January 23, 2012: In 1944, Swedish diplomat Raoul Wallenberg helped tens of thousands—some say as many as 100,000 people—escape persecution and almost certain death when Nazi forces invaded Hungary during World War II.
This year, the 100th anniversary of Wallenberg’s birth will be commemorated by events in Sweden and around the world.
The celebration of Wallenberg’s life and work began on January 17 with the opening of the Raoul Wallenberg exhibition, “To Me There is No Other Choice,” at the Hungarian National Museum in Budapest. Throughout 2012, the exhibition will travel to New York; Washington, D.C.; Moscow; Tel Aviv; Berlin and Toronto.
August 4, Wallenberg’s birthday, will be marked by worldwide events including a party in his hometown on the island of Lidingö in the Stockholm archipelago. Also on August 4, a section of 13th Avenue in the Borough Park neighborhood of Brooklyn, New York, will be renamed in Wallenberg’s honor.
Click here http://www.sweden.gov.se/sb/d/15418 for a full calendar of events.
No one personified the continued need for tolerance and the fight for human rights better than Raoul Wallenberg.
After serving in the Swedish military and receiving a Bachelor of Science in Architecture from the University of Michigan, he pursued a career in business that led him to a partnership in Budapest with Koloman Lauer, a Hungarian Jew.
In 1944, Wallenberg was named to the Swedish legation of the War Refugee Board in Hungary. Its goal was to help in the rescue and evacuation of Hungary’s Jewish population under threat from the Nazis.

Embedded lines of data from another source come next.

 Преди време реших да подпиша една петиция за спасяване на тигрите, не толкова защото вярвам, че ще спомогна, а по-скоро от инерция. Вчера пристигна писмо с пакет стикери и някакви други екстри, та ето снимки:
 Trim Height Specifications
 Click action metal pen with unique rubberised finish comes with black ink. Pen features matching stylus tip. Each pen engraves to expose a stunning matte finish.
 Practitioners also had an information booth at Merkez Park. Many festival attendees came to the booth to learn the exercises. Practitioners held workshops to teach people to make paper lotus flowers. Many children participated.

Under Wallenberg’s leadership, the mission was a success, but Wallenberg himself was not so lucky. On January 17, 1945, he was arrested and imprisoned by Soviet forces. How and why he was taken remains unclear, and even though it was reported that he died of a heart attack in 1947 while in captivity, that version of events remains in dispute to this day.
Wallenberg’s clear thinking, initiative and bravery have never been in doubt.

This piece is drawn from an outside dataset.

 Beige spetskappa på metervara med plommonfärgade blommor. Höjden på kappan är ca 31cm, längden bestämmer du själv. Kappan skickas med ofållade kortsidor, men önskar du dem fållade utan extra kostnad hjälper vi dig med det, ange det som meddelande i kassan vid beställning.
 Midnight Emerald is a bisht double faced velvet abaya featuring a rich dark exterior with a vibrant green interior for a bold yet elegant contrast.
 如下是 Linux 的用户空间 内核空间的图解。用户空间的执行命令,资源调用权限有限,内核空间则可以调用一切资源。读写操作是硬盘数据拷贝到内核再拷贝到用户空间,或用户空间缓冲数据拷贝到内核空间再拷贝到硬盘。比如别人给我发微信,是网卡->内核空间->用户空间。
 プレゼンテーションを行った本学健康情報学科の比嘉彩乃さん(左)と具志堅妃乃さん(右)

"We can honor him best by passing on to new generations knowledge about both Raoul Wallenberg as a person and the importance of individual responsibility and personal courage in crucial situations," said Olle Wästberg, the Swedish government's coordinator for the Raoul Wallenberg Year 2012.
The Raoul Wallenberg Year 2012 has been organized by a national committee in Sweden, headed by Swedish Minister for Foreign Affairs Carl Bildt. Other partners and participants in Sweden include: the Swedish Institute, the Living History Forum, the Army Museum and the Raoul Wallenberg Institute in Lund.